### TASK BRIEF
Nothing but the text of the records belongs in your answer: repeat all of it exactly and leave out the images.

### INPUT MATERIAL
**********

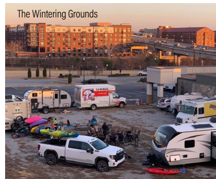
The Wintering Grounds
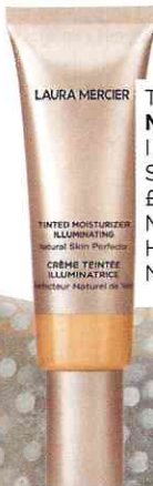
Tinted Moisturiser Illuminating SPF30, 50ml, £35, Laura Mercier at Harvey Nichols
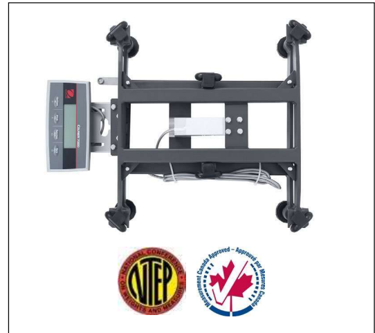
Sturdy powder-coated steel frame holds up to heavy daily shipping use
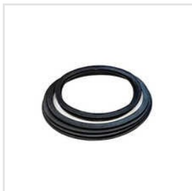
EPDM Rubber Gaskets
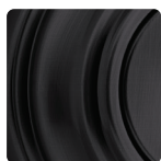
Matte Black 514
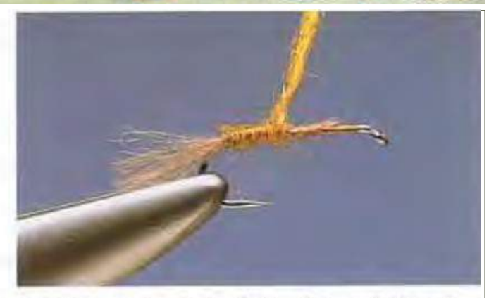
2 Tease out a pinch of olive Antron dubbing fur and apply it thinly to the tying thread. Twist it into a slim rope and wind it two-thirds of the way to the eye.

**********

### WRITTEN REPLY
The Wintering Grounds
Tinted Moisturiser Illuminating SPF30, 50ml, £35, Laura Mercier at Harvey Nichols
Sturdy powder-coated steel frame holds up to heavy daily shipping use
EPDM Rubber Gaskets
Matte Black 514
2 Tease out a pinch of olive Antron dubbing fur and apply it thinly to the tying thread. Twist it into a slim rope and wind it two-thirds of the way to the eye.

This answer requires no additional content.